I was sharing all this with Todd tonight, and told him I felt like an expert in grief in some ways. He said he'd rather not have to know this side of grief, and I understand where he is coming from, I've been there - wouldn't it be great to go back to the innocence of not knowing the trauma of losing a child! Tonight, however, I was able to appreciate how the suffering I've been through since Max's death has changed me for the better.
I will *never* be grateful for what I've been through - the cost was far too great - but I can be grateful that God doesn't waste suffering in the life of a believer.

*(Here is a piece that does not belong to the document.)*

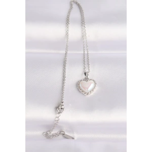 316L Çelik Zincir Gümüş Renk Beyaz Taşlı Bombeli Kalp Kolye

Romans 5:4 says that "we glory in our sufferings, because we know that suffering produces perseverance; perseverance, character; and character, hope." To me, that doesn't mean saying "gee God, thanks for the suffering", but it allows me to look at Max's death and say "Thank God some good can come of it". What would be the point of suffering if all it did was produce misery? Oh it certainly does that ... but it also shapes character. I think of a forest that has been scorched by wildfire, everything in sight burned to a crisp. And yet, new life flourishes from the ashes as time and healing take place. Yes.
I'm a better comforter. I'm a better listener. I have a deeper ability for compassion. Not because my son died - no, but because of the suffering I've been through because of that death. I'm grateful for the glimpse into this eternal mystery tonight.